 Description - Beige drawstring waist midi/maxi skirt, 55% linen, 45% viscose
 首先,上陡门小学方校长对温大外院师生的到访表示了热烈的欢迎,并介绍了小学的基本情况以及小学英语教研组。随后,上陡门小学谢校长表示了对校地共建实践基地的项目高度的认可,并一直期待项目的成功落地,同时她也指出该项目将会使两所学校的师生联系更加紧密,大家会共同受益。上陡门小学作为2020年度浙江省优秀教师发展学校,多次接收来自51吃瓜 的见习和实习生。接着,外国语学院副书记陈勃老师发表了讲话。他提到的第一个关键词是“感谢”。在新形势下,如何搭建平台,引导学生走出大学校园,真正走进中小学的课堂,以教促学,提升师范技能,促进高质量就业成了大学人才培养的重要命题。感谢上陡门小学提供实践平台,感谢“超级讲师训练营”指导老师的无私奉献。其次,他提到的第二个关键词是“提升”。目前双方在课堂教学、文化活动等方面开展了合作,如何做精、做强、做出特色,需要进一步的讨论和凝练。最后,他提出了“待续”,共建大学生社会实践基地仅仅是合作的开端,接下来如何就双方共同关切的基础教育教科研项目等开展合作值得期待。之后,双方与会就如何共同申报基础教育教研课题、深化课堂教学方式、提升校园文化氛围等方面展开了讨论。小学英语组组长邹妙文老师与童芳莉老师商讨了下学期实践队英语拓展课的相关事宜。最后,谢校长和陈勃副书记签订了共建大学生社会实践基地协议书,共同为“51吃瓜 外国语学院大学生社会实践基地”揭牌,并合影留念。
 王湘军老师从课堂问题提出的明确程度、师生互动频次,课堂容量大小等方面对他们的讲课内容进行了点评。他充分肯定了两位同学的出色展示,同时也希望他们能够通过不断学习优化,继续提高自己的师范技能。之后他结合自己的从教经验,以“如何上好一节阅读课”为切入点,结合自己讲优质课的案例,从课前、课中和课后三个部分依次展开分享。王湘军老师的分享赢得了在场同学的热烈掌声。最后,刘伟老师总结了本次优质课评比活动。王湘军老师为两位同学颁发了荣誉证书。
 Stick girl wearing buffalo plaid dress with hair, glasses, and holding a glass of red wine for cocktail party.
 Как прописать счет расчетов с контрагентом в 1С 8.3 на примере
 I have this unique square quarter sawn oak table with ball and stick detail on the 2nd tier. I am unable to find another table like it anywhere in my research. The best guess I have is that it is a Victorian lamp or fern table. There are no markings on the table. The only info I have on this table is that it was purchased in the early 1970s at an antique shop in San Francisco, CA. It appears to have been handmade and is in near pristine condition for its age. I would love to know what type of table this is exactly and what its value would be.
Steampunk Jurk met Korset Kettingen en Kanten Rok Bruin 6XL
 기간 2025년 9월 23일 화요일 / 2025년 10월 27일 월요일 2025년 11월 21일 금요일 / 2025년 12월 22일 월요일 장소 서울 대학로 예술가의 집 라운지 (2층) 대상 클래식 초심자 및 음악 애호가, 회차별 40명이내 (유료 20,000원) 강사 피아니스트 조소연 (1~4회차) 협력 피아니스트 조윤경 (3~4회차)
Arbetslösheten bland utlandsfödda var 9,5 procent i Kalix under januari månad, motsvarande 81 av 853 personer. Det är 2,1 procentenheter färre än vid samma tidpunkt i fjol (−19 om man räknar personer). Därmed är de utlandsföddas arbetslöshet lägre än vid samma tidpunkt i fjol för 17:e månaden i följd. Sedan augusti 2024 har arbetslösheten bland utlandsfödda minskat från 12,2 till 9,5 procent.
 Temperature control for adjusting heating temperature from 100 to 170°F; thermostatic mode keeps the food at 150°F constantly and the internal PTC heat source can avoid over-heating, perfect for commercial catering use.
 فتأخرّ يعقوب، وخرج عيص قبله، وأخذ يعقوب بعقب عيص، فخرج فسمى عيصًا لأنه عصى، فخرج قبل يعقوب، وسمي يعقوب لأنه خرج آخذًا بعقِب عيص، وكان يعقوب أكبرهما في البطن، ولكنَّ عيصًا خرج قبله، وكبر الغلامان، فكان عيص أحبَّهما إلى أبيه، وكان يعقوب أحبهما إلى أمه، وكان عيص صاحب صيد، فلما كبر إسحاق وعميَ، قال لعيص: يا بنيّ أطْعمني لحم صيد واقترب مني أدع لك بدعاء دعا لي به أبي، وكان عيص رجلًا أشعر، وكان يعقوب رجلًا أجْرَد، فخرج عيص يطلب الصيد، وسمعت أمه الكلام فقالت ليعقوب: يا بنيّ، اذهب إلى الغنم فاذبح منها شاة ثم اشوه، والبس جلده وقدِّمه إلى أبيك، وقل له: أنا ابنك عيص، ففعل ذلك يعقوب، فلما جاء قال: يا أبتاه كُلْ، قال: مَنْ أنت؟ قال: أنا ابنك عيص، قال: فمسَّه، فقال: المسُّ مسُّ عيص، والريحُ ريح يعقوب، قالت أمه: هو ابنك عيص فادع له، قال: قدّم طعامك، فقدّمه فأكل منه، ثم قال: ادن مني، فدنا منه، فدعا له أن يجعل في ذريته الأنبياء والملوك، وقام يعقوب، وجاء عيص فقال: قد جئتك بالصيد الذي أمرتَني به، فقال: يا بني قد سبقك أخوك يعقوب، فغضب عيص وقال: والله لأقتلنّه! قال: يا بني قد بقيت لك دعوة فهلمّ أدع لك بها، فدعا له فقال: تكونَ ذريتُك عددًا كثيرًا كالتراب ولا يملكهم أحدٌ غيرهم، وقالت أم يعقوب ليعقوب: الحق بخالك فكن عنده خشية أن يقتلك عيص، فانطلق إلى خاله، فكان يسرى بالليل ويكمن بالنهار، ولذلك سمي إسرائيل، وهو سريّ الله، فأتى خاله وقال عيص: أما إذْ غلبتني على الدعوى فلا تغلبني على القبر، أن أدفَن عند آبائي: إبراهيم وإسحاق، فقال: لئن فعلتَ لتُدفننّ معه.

## Task brief
From the listing above, output exactly the run of lines that starts with the line containing "王湘军老师从课堂问题提出的明" and ends with the line containing "Как прописать счет".

## Result of this task
 王湘军老师从课堂问题提出的明确程度、师生互动频次,课堂容量大小等方面对他们的讲课内容进行了点评。他充分肯定了两位同学的出色展示,同时也希望他们能够通过不断学习优化,继续提高自己的师范技能。之后他结合自己的从教经验,以“如何上好一节阅读课”为切入点,结合自己讲优质课的案例,从课前、课中和课后三个部分依次展开分享。王湘军老师的分享赢得了在场同学的热烈掌声。最后,刘伟老师总结了本次优质课评比活动。王湘军老师为两位同学颁发了荣誉证书。
 Stick girl wearing buffalo plaid dress with hair, glasses, and holding a glass of red wine for cocktail party.
 Как прописать счет расчетов с контрагентом в 1С 8.3 на примере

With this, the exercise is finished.